*** STORED DATA ***
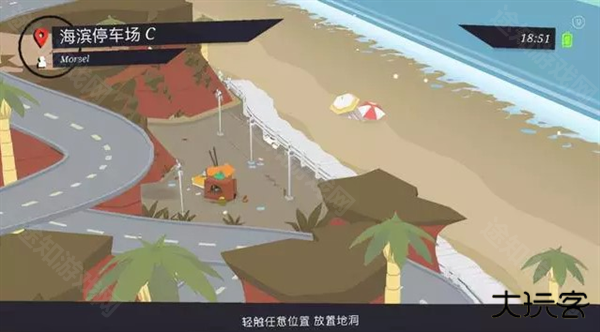 1、在甜甜圈都市游戏中很多小伙伴都在问烟花怎么过?其实烟花这个场景也就是海滨停车场C的关卡,这一关可以说是将烟花运用的淋漓尽致,首先我们点击任意位置放置地洞。
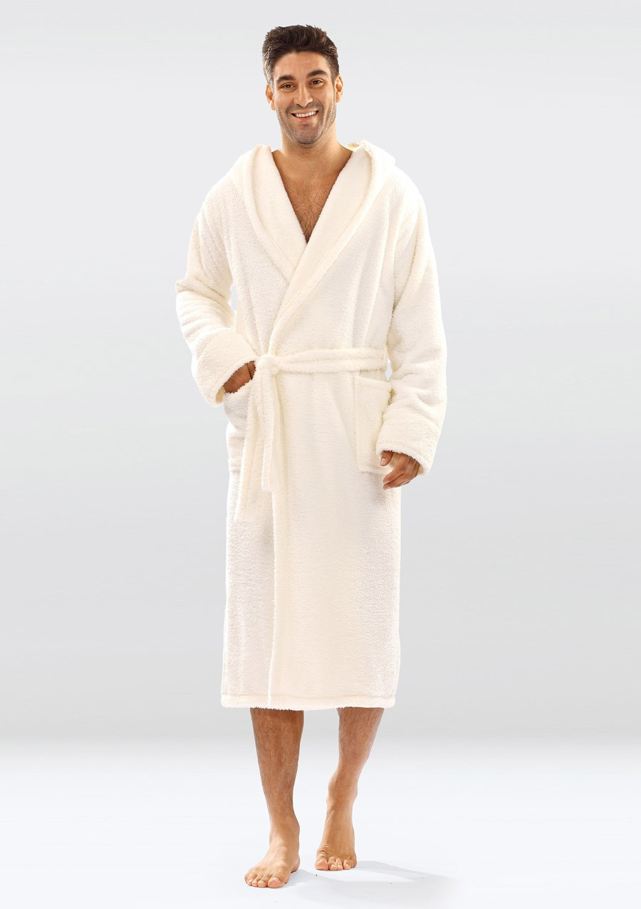 Puchaty szlafrok/ podomka męska z kapturem 130 ecru- Dkaren
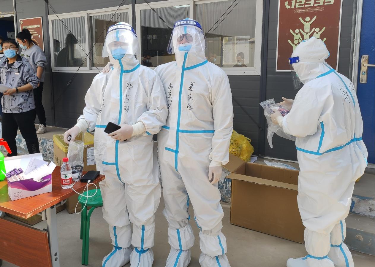 他们身穿防护服,化身“明白”,奔波在综改区唐槐园综合楼项目、唐槐园三期、唐槐园四期一标、唐槐园四期二标、太重新能源装备项目、安乐信项目、管委会停车场项目、旅游学院项目、公交停保场项目等核酸检测现场,协助医护人员进行人员身份确认、信息统计、核酸检测扫码挂号、维持核酸检测现场秩序等,获得了项目人员和综改区建管部的一致好评。
*** End of STORED DATA ***
EXERCISE REQUIREMENTS: The answer is the full listing above, reproduced character for character, minus its images.

PROBLEM SOLUTION:
 1、在甜甜圈都市游戏中很多小伙伴都在问烟花怎么过?其实烟花这个场景也就是海滨停车场C的关卡,这一关可以说是将烟花运用的淋漓尽致,首先我们点击任意位置放置地洞。
 Puchaty szlafrok/ podomka męska z kapturem 130 ecru- Dkaren
 他们身穿防护服,化身“明白”,奔波在综改区唐槐园综合楼项目、唐槐园三期、唐槐园四期一标、唐槐园四期二标、太重新能源装备项目、安乐信项目、管委会停车场项目、旅游学院项目、公交停保场项目等核酸检测现场,协助医护人员进行人员身份确认、信息统计、核酸检测扫码挂号、维持核酸检测现场秩序等,获得了项目人员和综改区建管部的一致好评。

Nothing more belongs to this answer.